Я не замечал ее увядания, пропустил момент, когда началась старость. Признаюсь, мне это было безразлично. Я не менялся, она — менялась. Какая разница? Все равно за этой ветшающей телесной оболочкой я видел ее прежнюю, истинную, ни на гран не изменившуюся с первых мгновений нашей встречи. Наши прогулки становились короче, а беседы длиннее. Или мне это казалось? Я сидел подле ее ложа, держал ее за руку, и мы молчали. Слова были ни к чему.
Наконец она сказала:
«Я хочу произнести Веление». — «Я никуда не тороплюсь, и ты не спеши». — «Зато я тороплюсь. Ты ведь не можешь вернуть мне молодость?» — «Пока не произнесено Веление, я почти ничего не могу. Веление определяет пределы моего всемогущества». — «Да, ты говорил... А еще ты говорил, что всякое Веление противоречиво». — «И поэтому призываю тебя подумать еще раз». — «Еще ты говорил, что это не поможет... Я знаю, что совершу ошибку, и не боюсь этого». —«Возможно, этого боюсь я». — «Услышать такое из твоих уст по меньшей мере забавно». — «Я и сам поражен, что это так меня тревожит». — «Ну, да неважно... Ты готов повиноваться?»

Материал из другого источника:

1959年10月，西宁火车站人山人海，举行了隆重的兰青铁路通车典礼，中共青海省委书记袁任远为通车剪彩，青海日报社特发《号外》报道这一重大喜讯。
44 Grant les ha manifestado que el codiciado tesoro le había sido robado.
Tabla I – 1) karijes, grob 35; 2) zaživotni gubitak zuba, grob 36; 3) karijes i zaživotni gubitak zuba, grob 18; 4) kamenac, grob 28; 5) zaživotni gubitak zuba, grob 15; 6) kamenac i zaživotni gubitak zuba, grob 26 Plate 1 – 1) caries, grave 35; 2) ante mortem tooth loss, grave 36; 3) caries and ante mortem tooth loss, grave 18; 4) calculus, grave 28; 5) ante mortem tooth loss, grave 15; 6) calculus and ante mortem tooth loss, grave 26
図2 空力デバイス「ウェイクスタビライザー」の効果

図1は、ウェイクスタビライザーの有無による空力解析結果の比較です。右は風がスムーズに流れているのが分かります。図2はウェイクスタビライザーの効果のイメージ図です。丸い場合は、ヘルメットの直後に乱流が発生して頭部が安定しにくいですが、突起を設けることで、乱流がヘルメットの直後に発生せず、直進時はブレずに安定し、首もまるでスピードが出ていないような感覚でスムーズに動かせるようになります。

После непродолжительного молчания, со скорбью в сердце я отвечал:
«Да, готов».
«Внимай же...»
И она произнесла Веление.
«Живи дольше всех», — сказала она.
И посмотрела на меня с таким видом, будто с избытком вознаградила за несовершенные еще подвиги.

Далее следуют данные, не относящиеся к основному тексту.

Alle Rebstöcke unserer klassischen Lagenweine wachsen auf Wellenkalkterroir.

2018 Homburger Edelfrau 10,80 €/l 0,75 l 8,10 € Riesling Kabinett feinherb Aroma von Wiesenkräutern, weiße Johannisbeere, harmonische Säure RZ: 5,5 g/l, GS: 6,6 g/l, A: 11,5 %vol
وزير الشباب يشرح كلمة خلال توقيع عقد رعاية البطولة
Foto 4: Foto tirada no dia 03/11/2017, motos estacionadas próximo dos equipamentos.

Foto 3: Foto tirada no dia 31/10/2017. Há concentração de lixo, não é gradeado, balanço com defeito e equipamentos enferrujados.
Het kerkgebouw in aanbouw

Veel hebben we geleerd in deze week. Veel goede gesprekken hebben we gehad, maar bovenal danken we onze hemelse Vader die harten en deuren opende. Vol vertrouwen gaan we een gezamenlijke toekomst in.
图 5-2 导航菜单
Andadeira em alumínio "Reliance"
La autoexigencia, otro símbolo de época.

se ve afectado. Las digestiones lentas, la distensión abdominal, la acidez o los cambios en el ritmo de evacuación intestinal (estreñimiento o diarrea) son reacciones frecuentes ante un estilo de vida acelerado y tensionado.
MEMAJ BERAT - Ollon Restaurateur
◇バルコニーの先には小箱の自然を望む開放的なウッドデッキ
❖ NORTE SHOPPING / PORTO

Теперь ничего нельзя было ни вернуть, ни исправить.
«Ты проклятая дура, Калипсо, — сказал я печально. — Неужели нельзя было придумать что-то поумнее? Что-то для себя?» — «Но я ничего не хочу для себя. Все, что мне было нужно, я получила. За те годы, что мы были вместе». — «Так ведь и мне ничего не нужно. Я не желаю от тебя таких подарков». — «Ты сам не знаешь, чего хочешь». — «А с чего ты взяла, что я вообще чего-то хочу?» — «Теперь, быть может, ты и этому научишься». — «Времени у меня будет предостаточно... Да и не подарок это вовсе. И не Заклятие. Скорее проклятие... Во имя Создателя Всех Миров, только ты способна на такую божественную глупость!»
Затем она спросила со слабой улыбкой:
«И что же твое всемогущество? Оно способно сделать меня юной?»
«Нет, Калипсо. Я еще не все знаю о себе, но этого я, конечно, не могу»
«Значит, я не успею тебе надоесть», — сказала она удовлетворенно и закрыла глаза.
Ее рука остывала в моей ладони.
Она не могла мне надоесть. Я даже не насладился ею в полной мере. Как скоро все закончилось!..
Зачем она столь кропотливо творила из меня человека? Неужели поверила в мои слова об идеале? Успел ли я хотя бы отдаленно стать похожим на то, что она увидела во мне своим внутренним зрением в тот давний час? И сколько же нужно лет, чтобы женщина могла сотворить из глупого, грубого, почти звероподобного существа, каким является всякий мужчина, свой идеал?
Я никогда уже не получу ответов на эти вопросы.
Я многому научился у нее. Секс — это мелочи, о которых приятно вспомнить, но совсем не главное. Я научился чувствовать, как человек. Почти научился любить.
Не успел только научиться плакать. Здесь редко приключались поводы для искренних разочарований, таких, чтобы до слез. Да вообще никогда не приключались. Поэтому я сидел у ее изголовья, с сухими глазами, не зная, как жить, что делать со своей свободой в этом мире, и бездумно ждал, не случится ли что-нибудь, что укажет мне, как поступать дальше.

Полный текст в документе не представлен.